== Goal of the exercise ==
Your job is to print, exactly, the lines in the data below from the line with "histplot(),kdeplot(),displot(): muestran cómo" through the line with "Najpierw kadłub i", both included, and to omit any picture.

== Exercise data ==
:::::
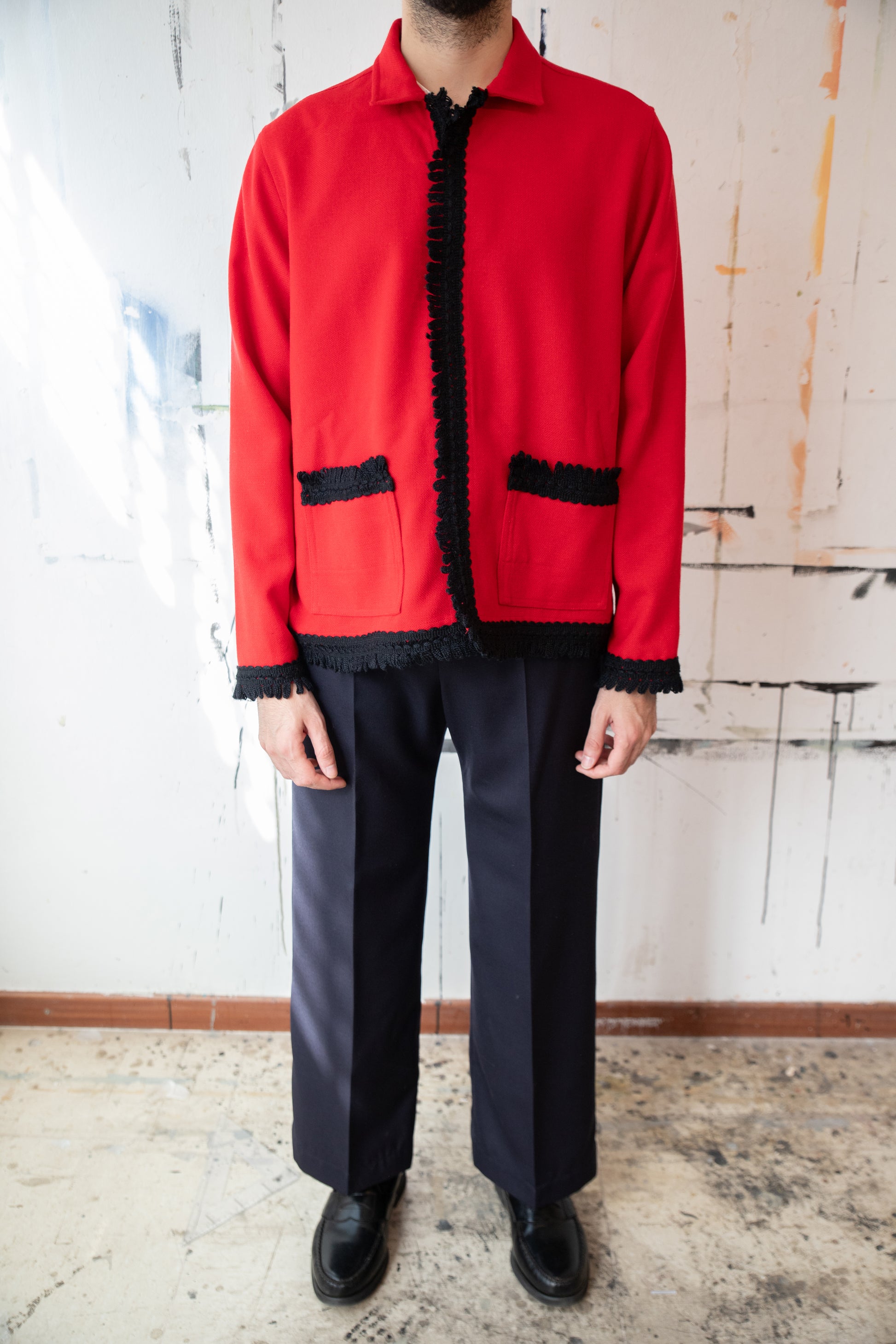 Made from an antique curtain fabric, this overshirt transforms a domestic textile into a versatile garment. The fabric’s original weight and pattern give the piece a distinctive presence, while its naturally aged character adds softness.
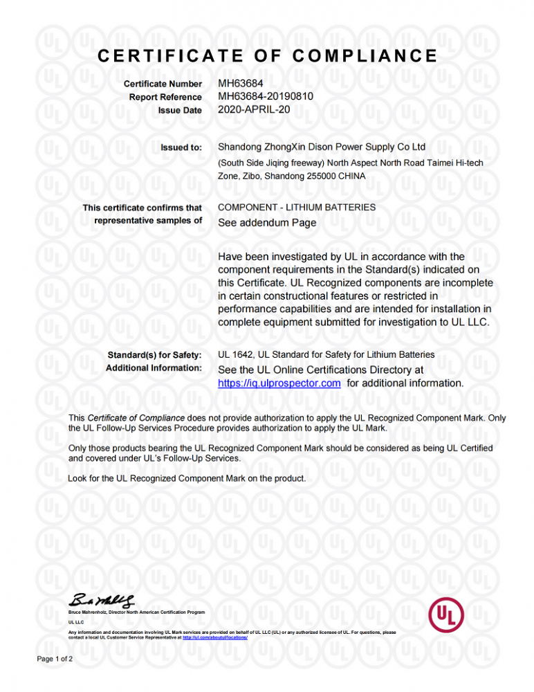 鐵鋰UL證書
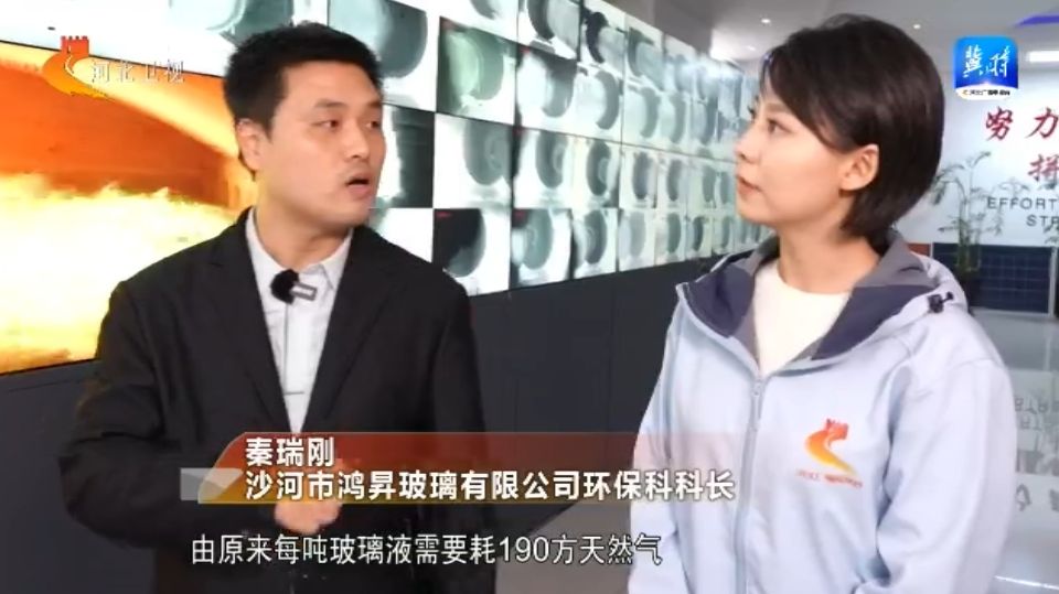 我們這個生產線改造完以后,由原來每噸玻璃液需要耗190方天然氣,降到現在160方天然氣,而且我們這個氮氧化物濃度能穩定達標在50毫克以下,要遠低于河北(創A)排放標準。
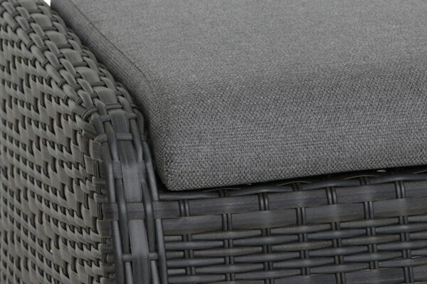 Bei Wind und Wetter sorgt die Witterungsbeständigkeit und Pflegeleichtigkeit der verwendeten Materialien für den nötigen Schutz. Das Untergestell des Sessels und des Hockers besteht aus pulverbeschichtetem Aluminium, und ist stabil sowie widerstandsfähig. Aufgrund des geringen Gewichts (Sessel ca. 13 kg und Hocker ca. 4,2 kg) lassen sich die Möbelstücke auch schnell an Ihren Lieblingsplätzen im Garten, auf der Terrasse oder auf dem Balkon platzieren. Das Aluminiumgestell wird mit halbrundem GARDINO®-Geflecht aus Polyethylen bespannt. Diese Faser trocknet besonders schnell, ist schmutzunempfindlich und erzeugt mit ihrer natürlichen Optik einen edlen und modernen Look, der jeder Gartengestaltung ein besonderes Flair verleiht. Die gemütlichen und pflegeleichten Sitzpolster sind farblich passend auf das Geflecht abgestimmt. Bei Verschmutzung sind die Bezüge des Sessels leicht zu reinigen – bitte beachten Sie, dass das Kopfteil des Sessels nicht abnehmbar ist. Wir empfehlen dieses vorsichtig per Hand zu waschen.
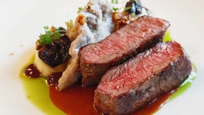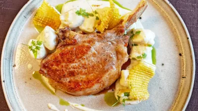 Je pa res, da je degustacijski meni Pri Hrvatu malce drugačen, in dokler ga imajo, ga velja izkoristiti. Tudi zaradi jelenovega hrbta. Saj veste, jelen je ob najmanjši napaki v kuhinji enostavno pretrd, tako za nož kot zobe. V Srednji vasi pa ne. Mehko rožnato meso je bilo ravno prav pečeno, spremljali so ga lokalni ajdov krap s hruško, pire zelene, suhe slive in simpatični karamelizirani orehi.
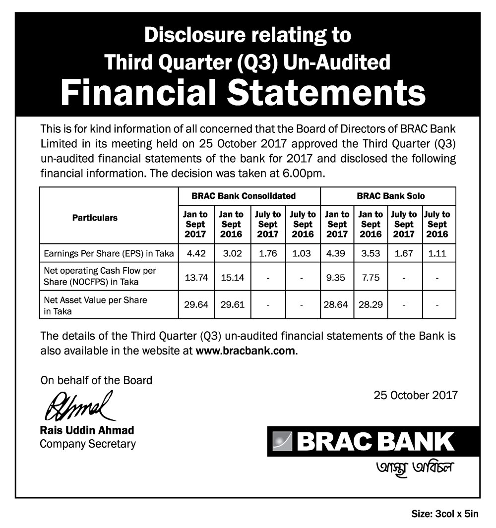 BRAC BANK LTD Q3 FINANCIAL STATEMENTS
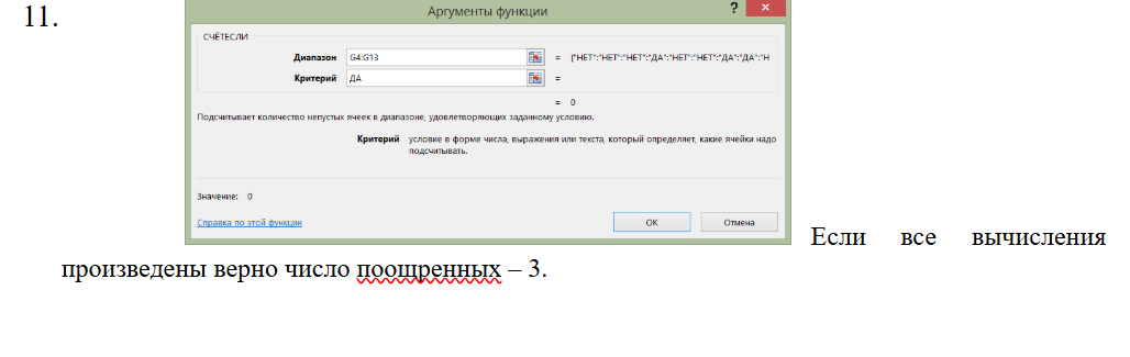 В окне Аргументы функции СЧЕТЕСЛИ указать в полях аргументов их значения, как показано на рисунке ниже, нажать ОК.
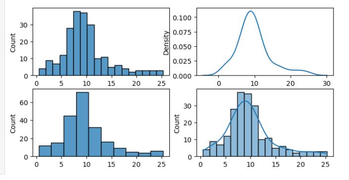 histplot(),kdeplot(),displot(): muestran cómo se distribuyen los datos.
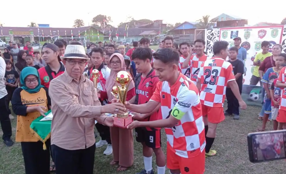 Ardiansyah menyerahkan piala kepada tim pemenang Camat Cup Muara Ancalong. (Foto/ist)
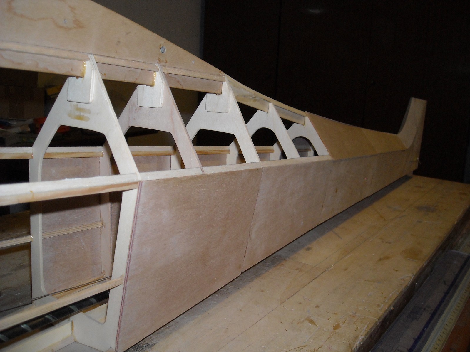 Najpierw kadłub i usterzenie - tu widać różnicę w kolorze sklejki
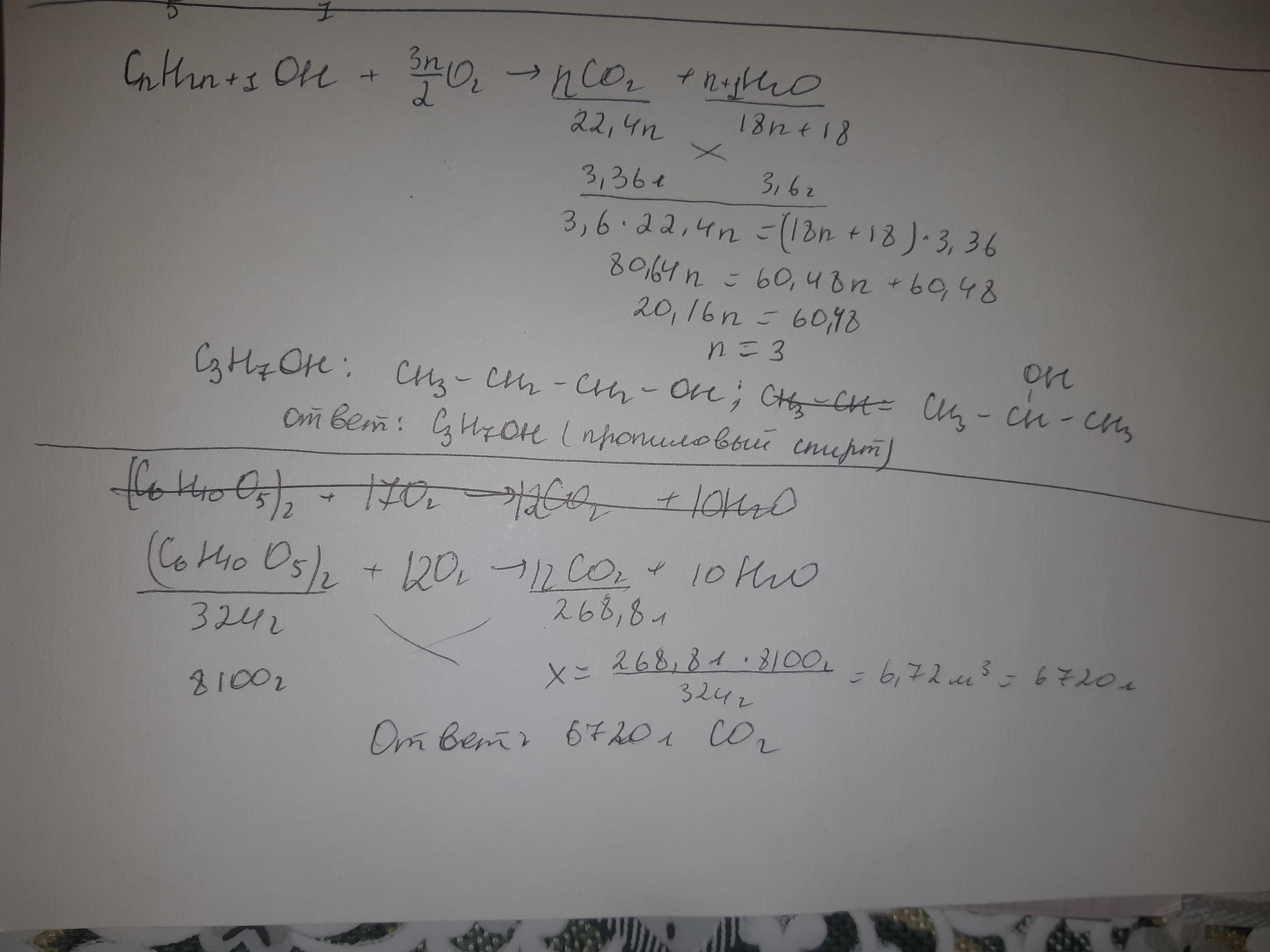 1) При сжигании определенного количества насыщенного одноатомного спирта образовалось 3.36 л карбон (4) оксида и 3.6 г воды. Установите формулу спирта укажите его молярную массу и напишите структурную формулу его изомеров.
:::::
== Completed task ==
 histplot(),kdeplot(),displot(): muestran cómo se distribuyen los datos.
 Ardiansyah menyerahkan piala kepada tim pemenang Camat Cup Muara Ancalong. (Foto/ist)
 Najpierw kadłub i usterzenie - tu widać różnicę w kolorze sklejki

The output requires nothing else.